When House Speaker David Ralston punished fellow Republican Rep. Tommy Benton last week, stripping him of his committee chairmanship and removing him from a study committee on civics education, it came after nearly two years of provocative political acts.

But it was the distribution to his House colleagues of an article from the magazine “Confederate Veteran” that triggered Ralston’s disciplinary move. The article challenges the historical consensus that slavery was the primary cause of the Civil War.

So why is a state lawmaker in 2017 sending an article about a 156-year-old conflict to his colleagues like it’s breaking news?

"All of this is about how we think about history," said Kevin Levin, a Civil War historian and author of the blog "Civil War Memory" blog.

Levin said the debate over the causes of the Civil War has always been as much about contemporary politics and power as it has been about history.

“Who controls history also controls the present,” he said. “It’s about who we are today and who gets to control what.”

Levin said the idea of the Civil War as a “Lost Cause” fought by Southern states defending themselves from Northern federal intrusion has its roots in the 1890s as Southern whites sought to regain political control and roll back the political freedoms of African Americans after the end of Reconstruction. “Confederate Veteran” was founded during this period and became an important organ in perpetuating the idea of the Southern struggle as virtuous and only casually connected to slavery.

Since that time, Southern politicians have clung to the Lost Cause theory as a kind of “rear-guard action” against social change, Levin said.

State Rep. Roger Bruce, D-Atlanta, says Rep. Tommy Benton’s public views on the Civil War don’t set a good example for the Legislature. BOB ANDRES / BANDRES@AJC.COM

Credit: Bob Andres

icon to expand image

Credit: Bob Andres

But is this what we elect our lawmakers to do? Not according to Rep. Roger Bruce, D-Atlanta, who serves on the House Human Relations and Aging Committee that Benton chaired until last week.
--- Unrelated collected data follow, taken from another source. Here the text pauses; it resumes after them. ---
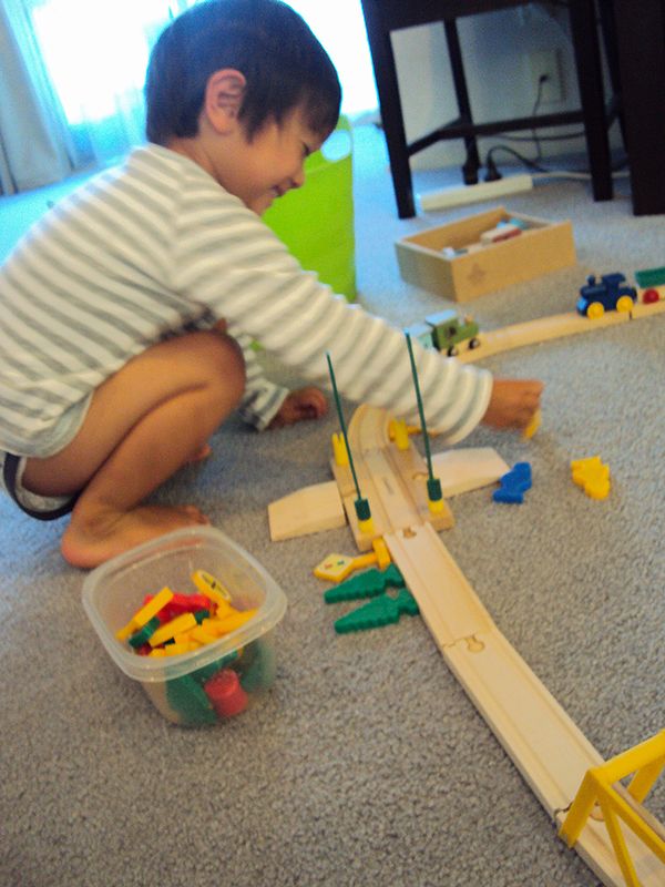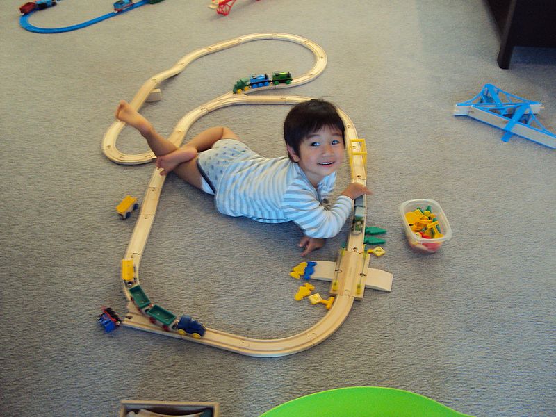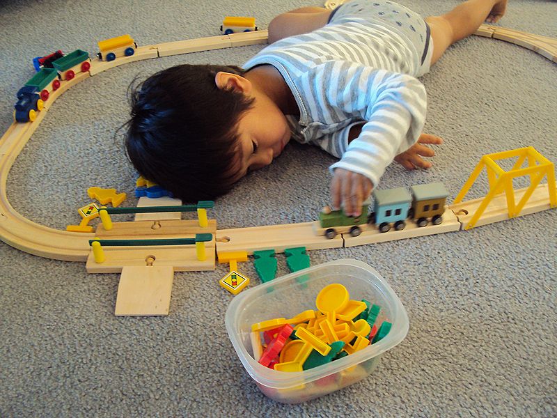 電車セットを使ってイマジネーションPlayで遊ぶセオ
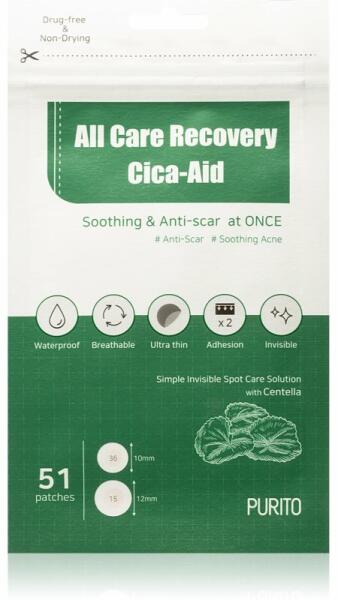 Purito All Care Recovery Cica Aid, 51 db, helyi ápolás nőknek, A minőségi Purito All Care Recovery helyi ápoló gondoskodik az arcbőr problémás helyeinek kezeléséről, közben pedig nyugtatja az irritáltságát és támogatja a természetes regenerálódását. Tulajdonságok: helyileg kezeli a problémás arcbőr tüneteit mérsékli az arcbőr kipirosodását elnyomja az akne tünete
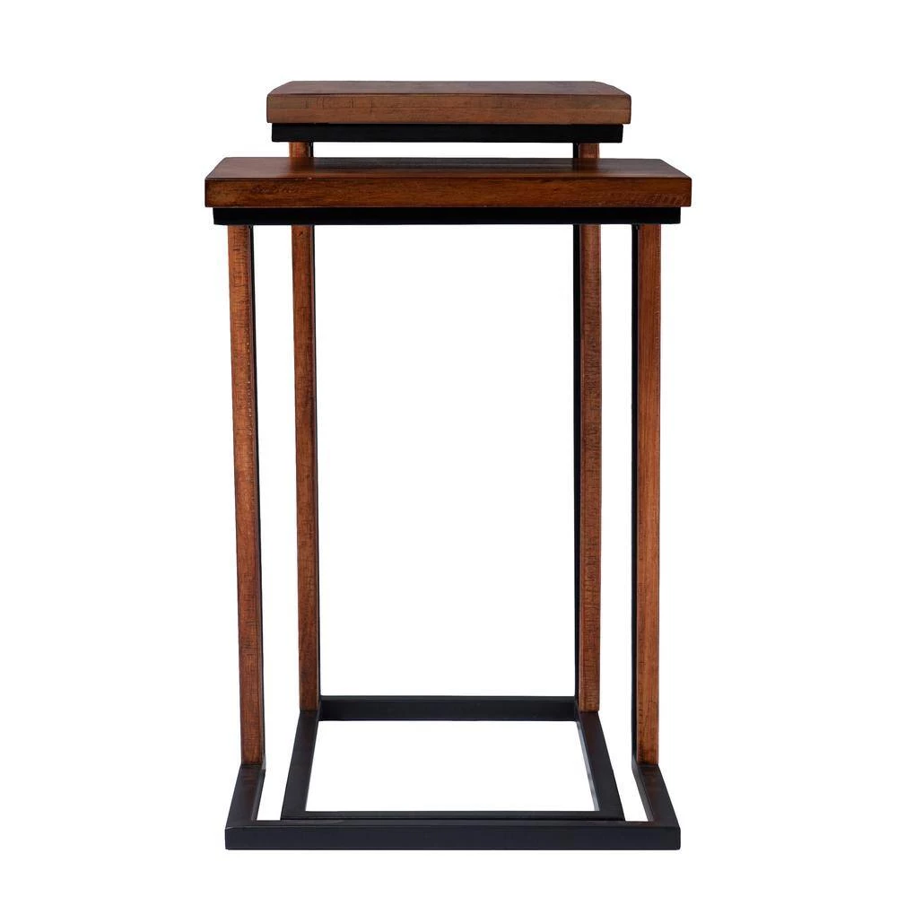 Pull up a table or 2 with this nesting C-table set. Spacious tabletops offer plenty of room for, your laptop or movie snacks, while the convenient, space saving design nests for, easy storage. Rustic tops create a chic, farmhouse feel in your living room or reading nook, bringing unique style in a sleek, mixed-material design. Get extra space where you need it mostwhen you place these nesting tables alongside your sofa or in your open concept living space.
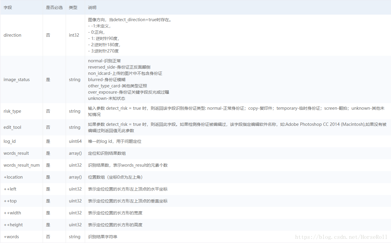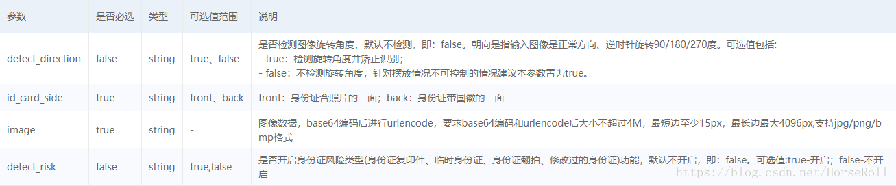 之前寫(xiě)了一篇利用百度OCR進(jìn)行本地和網(wǎng)絡(luò)圖片識(shí)別文字的文章,點(diǎn)擊查看。今天補(bǔ)充識(shí)別身份證圖片的文章及demo 源碼地址:https://download.csdn.net/download/horseroll/10922409 效果圖展示: 請(qǐng)求參數(shù): 返回參數(shù):
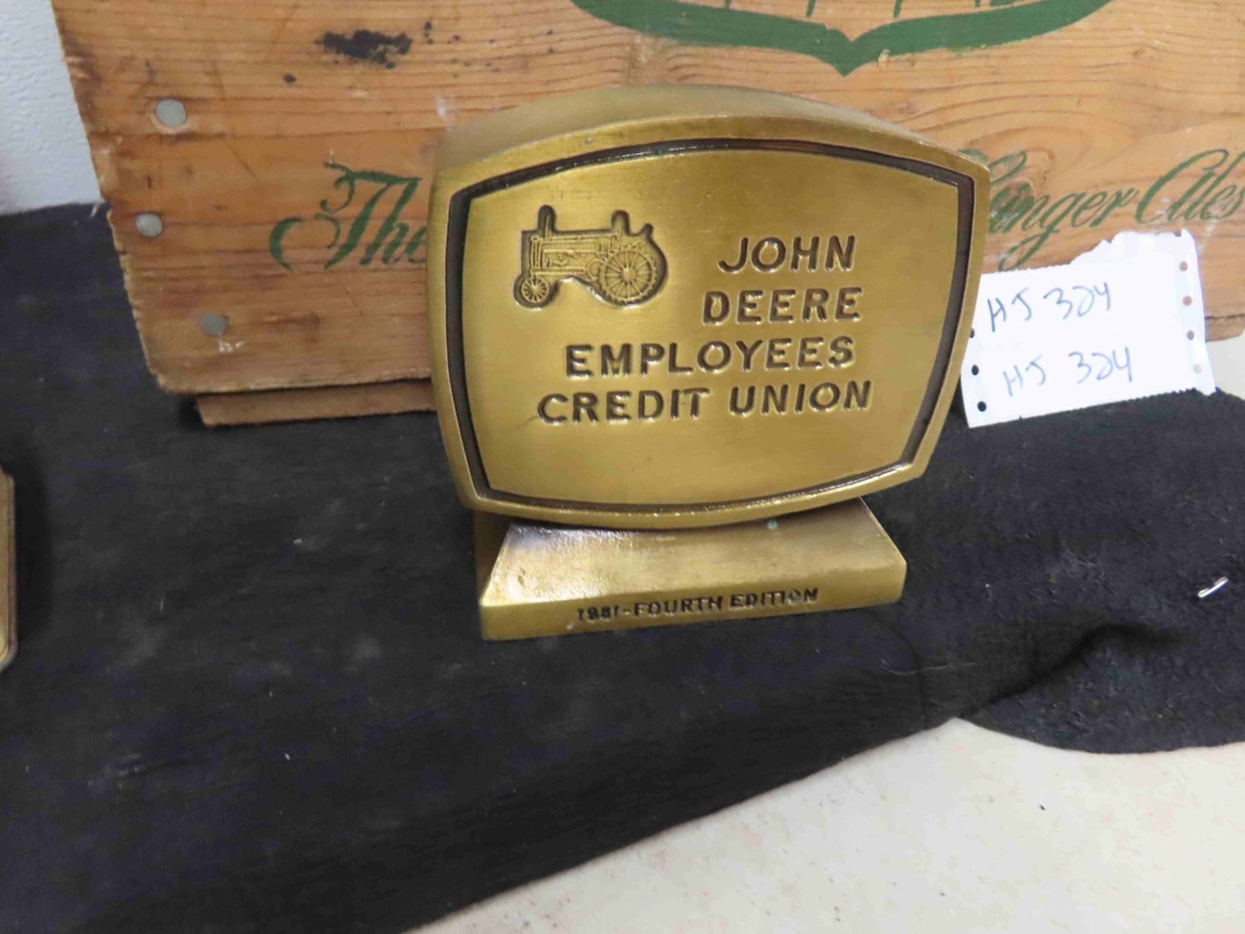 Canada Dry Pop Crate , John Deere Employees Credit Union Brass Display,
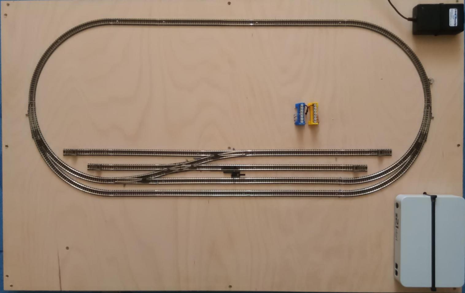 Řekl jsem si, že bude lepší MGP nejdřív otestovat, jak se zde hezky říká, "na prkýnku". Jenže přehazovat jednu výhybku sem a tam, jak jsem viděl na YouTube, mne moc neláká, tak jsem to prkýnko pojal víc velkoryse a složil na překližce 110x70 jednoduchý ovál a na něm budu zkoušet jestli MGP zvládne vše. co po něm budu chtít. A ano, fakt jsem to tam přitloukl hřebíkama :-) V této chvíli mám zapojenu jen krabici z21 start, takže vlaky už jezdí. Chvíli jsem řešil, zda dát jednotlivé MGP moduly dolu pod desku, nebo nahoru. Nakonec je budu dávat nahoru, abych na ně pořádně viděl, jestli dělají co mají. Ta černá krabička vpravo nahoře je starý zdroj od notebooku, který to celé bude krmit eletřinou.
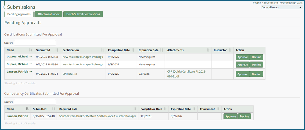The Pending Approvals Tab displays all user certifications and competency certificates that have been submitted and are awaiting approval. The Date/Time Submitted, Certification, Completion and Expiration Date, and Attachments are included in the Submitted Certifications Table. The Action column has an Approve and Decline button.
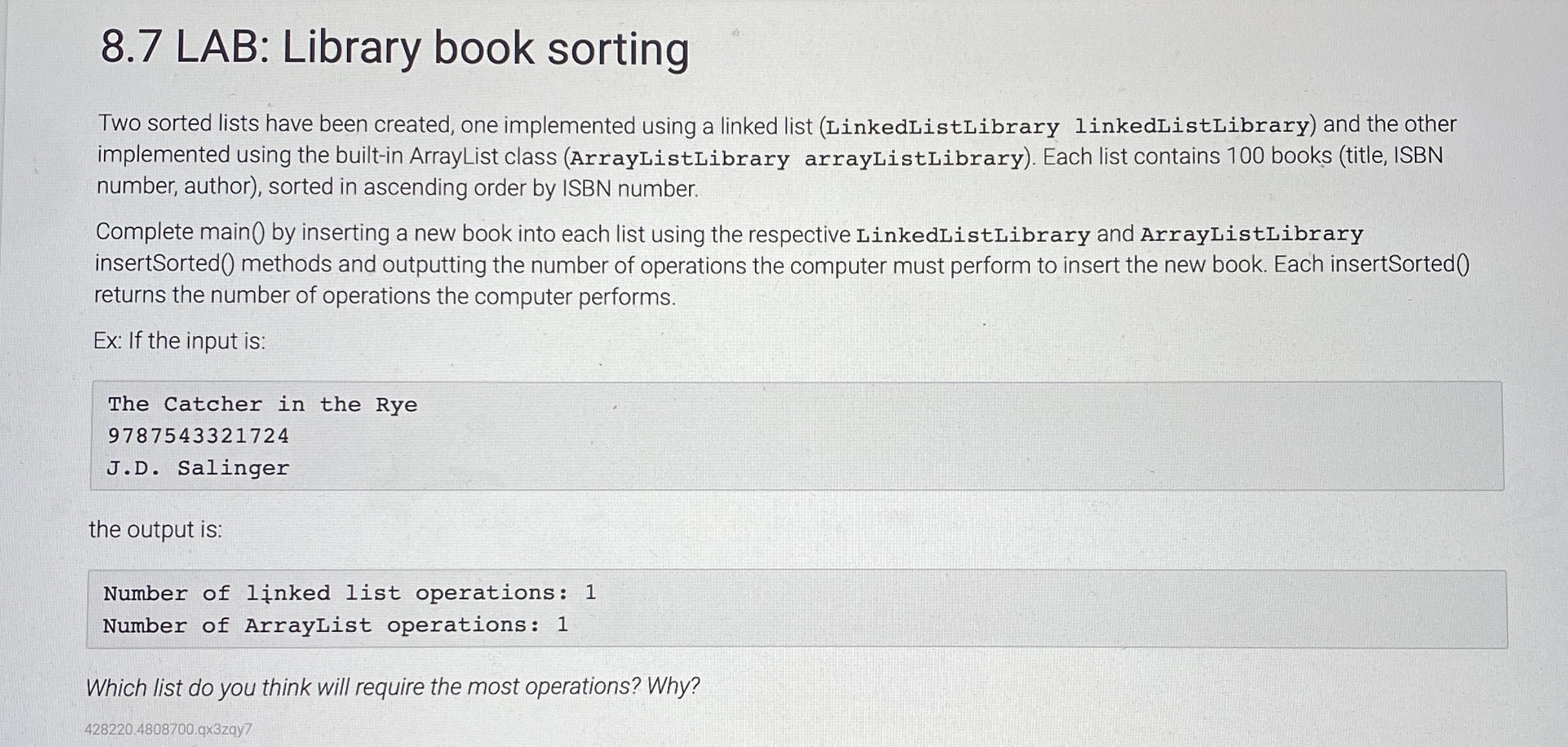 8.7 LAB: Library book sortingTwo sorted lists have | Chegg.com
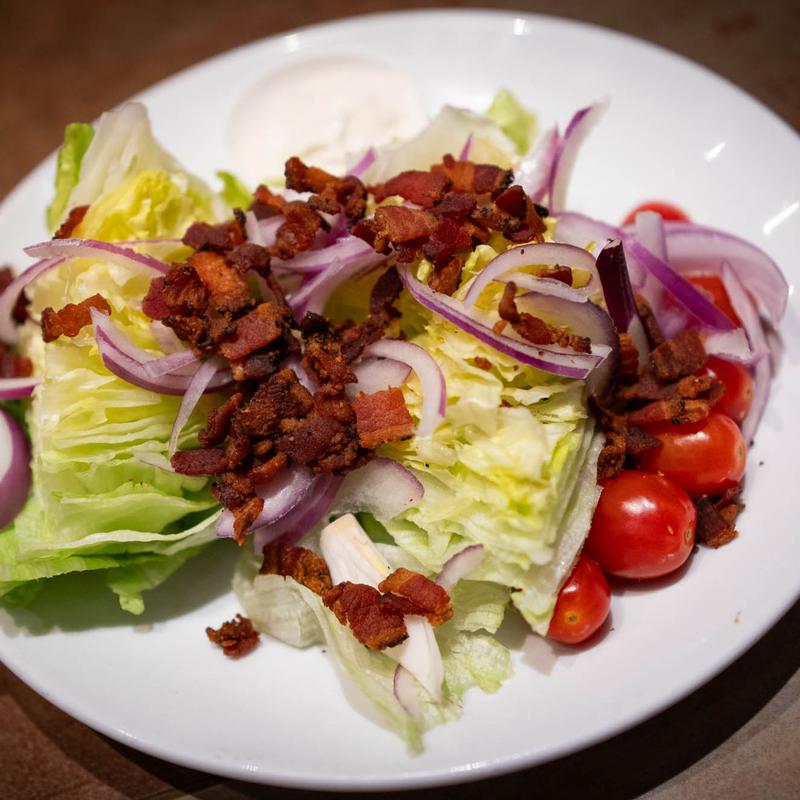 Iceberg lettuce, cherry tomato, red onions maple smoked peppercorn bacon, & blue cheese dressing

Bruce said he defends Benton’s right to say what he wants and believe what he wants “as long as those things do not lead to harm or violence.” But he said there are consequences to speech and Benton’s statements and actions don’t set a proper example of legislative leadership.

“If you are going to hold a leadership position in this state then you need to recognize that the position carries responsibility,” he said. Part of that responsibility is to model a sense of fair leadership for all Georgians, he said.

“Some of these comments would lead someone to believe he could not carry out these responsibilities in a fair way,” Bruce said.

For the record, Bruce, who is black and a Democrat, did not receive a copy of the treatise Benton sent to other colleagues at the Capitol.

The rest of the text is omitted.